Records shown
======

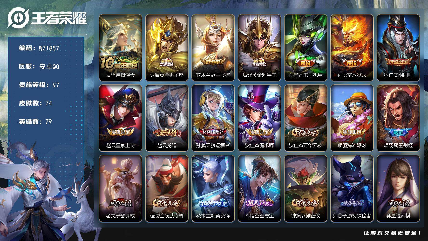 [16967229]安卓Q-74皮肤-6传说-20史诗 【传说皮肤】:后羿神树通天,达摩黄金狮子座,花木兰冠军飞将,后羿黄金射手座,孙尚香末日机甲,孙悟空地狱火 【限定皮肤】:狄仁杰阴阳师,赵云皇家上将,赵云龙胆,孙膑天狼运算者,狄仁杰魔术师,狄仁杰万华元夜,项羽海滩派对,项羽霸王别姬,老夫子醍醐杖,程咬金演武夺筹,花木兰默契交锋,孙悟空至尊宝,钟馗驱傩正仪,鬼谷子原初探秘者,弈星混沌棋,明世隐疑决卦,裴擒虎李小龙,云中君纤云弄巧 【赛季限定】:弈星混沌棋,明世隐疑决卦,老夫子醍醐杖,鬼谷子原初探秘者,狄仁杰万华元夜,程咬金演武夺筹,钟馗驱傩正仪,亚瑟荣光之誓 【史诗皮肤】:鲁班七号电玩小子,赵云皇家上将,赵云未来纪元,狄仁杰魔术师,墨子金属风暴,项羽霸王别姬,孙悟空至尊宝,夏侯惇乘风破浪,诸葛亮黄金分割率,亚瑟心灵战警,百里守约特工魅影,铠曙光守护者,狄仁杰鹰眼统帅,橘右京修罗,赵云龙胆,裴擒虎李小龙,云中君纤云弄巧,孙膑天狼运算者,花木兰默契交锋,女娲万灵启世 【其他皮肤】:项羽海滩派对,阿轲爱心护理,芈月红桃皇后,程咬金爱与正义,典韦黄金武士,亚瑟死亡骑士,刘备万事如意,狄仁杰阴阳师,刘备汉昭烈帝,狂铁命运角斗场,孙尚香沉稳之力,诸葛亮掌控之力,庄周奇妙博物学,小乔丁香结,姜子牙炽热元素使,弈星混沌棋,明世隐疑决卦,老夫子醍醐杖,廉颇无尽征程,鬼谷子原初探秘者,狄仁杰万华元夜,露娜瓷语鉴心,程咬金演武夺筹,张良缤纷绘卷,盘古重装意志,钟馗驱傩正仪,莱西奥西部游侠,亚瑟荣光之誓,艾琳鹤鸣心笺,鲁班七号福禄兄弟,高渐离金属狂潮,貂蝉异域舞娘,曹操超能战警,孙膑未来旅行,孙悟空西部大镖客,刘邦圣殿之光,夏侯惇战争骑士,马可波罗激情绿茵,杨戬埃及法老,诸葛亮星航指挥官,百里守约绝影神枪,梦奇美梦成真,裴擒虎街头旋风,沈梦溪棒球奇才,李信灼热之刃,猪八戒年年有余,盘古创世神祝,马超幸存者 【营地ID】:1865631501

======

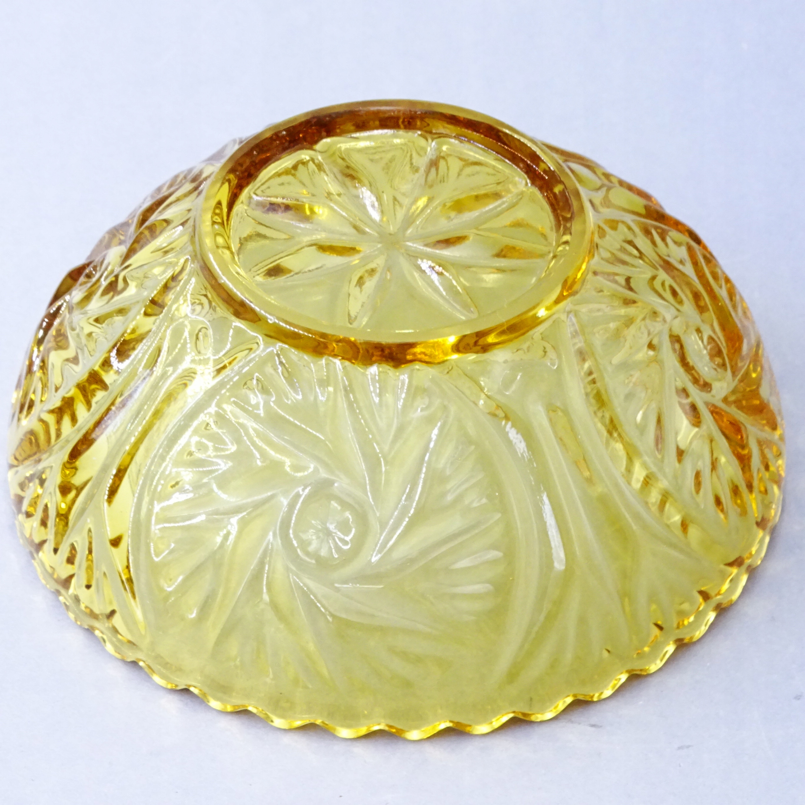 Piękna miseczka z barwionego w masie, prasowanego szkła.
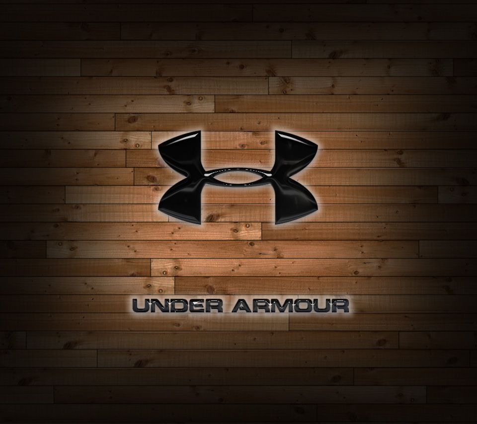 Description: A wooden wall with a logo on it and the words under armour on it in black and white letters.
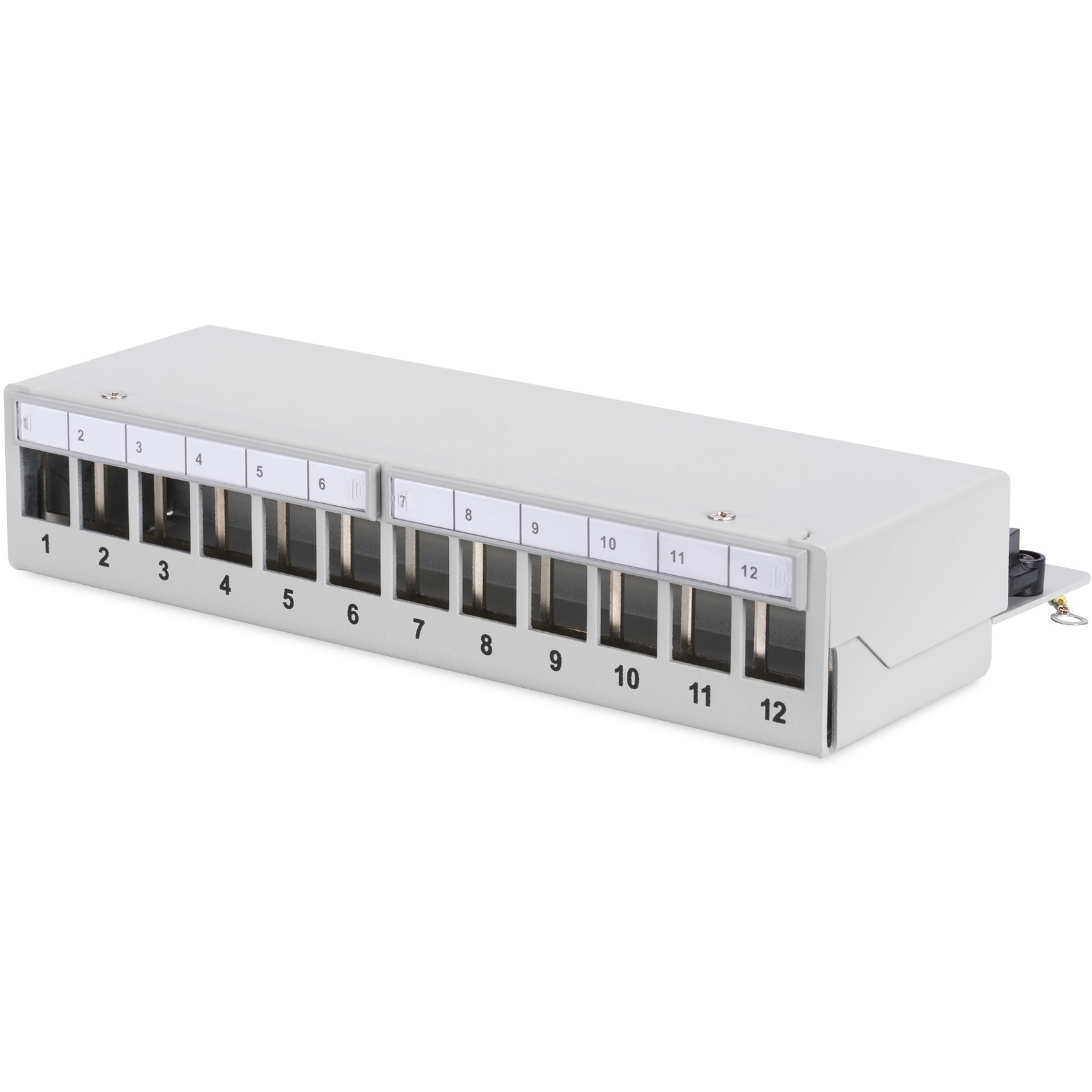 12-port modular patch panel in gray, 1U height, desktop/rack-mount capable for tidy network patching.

======

Exercise prompt
No picture is to be printed. Output exactly the lines above from the line containing "Piękna miseczka z" through the line containing "12-port modular patch".

Answer for the task
 Piękna miseczka z barwionego w masie, prasowanego szkła.
 Description: A wooden wall with a logo on it and the words under armour on it in black and white letters.
 12-port modular patch panel in gray, 1U height, desktop/rack-mount capable for tidy network patching.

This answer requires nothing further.